* [SUPPLIED ENTRIES]:
○ ○ ○

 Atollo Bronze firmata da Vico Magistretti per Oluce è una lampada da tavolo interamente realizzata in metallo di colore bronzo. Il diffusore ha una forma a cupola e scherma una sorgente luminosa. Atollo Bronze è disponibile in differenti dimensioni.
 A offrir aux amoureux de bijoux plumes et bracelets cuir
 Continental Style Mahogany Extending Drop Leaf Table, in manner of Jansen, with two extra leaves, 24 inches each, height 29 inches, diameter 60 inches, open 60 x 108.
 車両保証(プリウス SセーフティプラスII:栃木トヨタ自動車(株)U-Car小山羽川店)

○ ○ ○

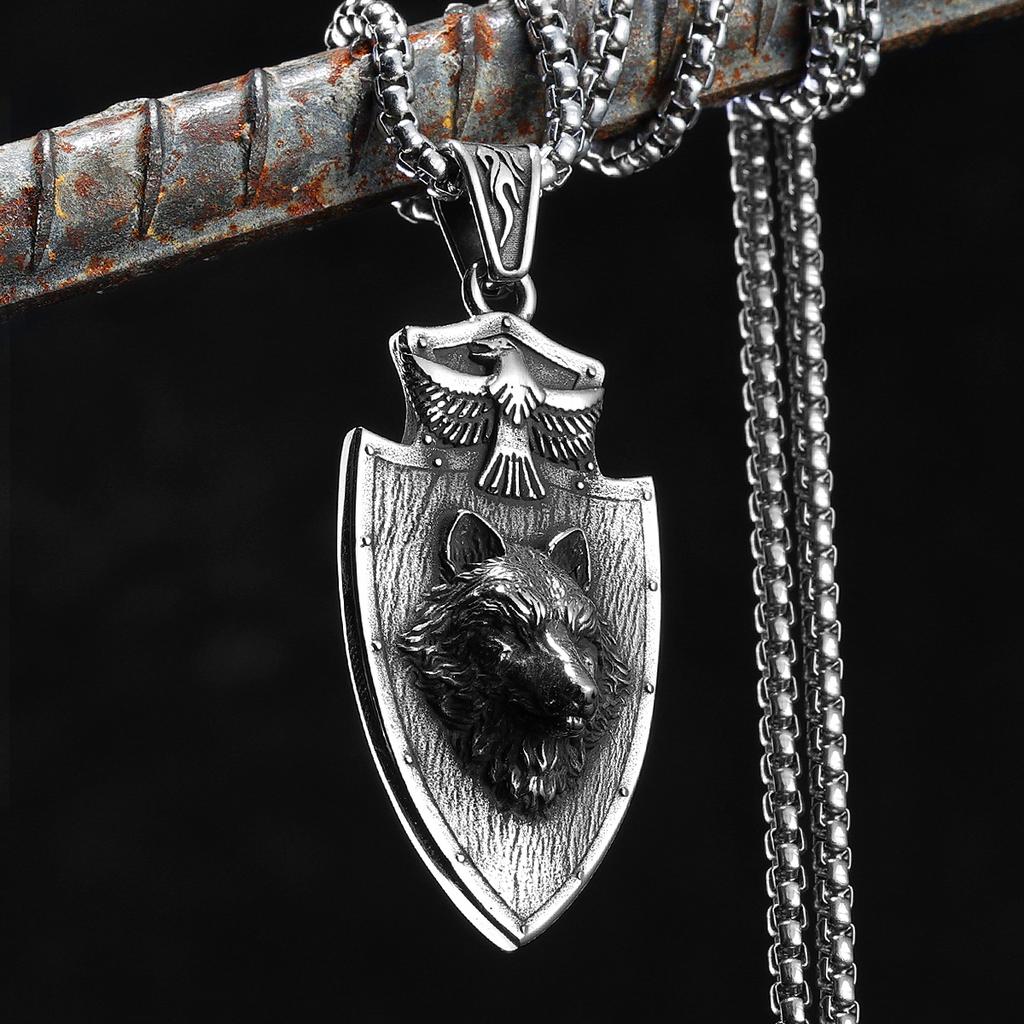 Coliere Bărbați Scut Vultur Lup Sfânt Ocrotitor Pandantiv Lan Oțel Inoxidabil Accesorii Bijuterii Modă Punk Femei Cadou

○ ○ ○

Set down, exactly as they appear above, all lines from the one that has "Atollo Bronze firmata" down to the one that has "車両保証(プリウス Sセーフ", including those two and no others.

* [FINAL ANSWER]:
 Atollo Bronze firmata da Vico Magistretti per Oluce è una lampada da tavolo interamente realizzata in metallo di colore bronzo. Il diffusore ha una forma a cupola e scherma una sorgente luminosa. Atollo Bronze è disponibile in differenti dimensioni.
 A offrir aux amoureux de bijoux plumes et bracelets cuir
 Continental Style Mahogany Extending Drop Leaf Table, in manner of Jansen, with two extra leaves, 24 inches each, height 29 inches, diameter 60 inches, open 60 x 108.
 車両保証(プリウス SセーフティプラスII:栃木トヨタ自動車(株)U-Car小山羽川店)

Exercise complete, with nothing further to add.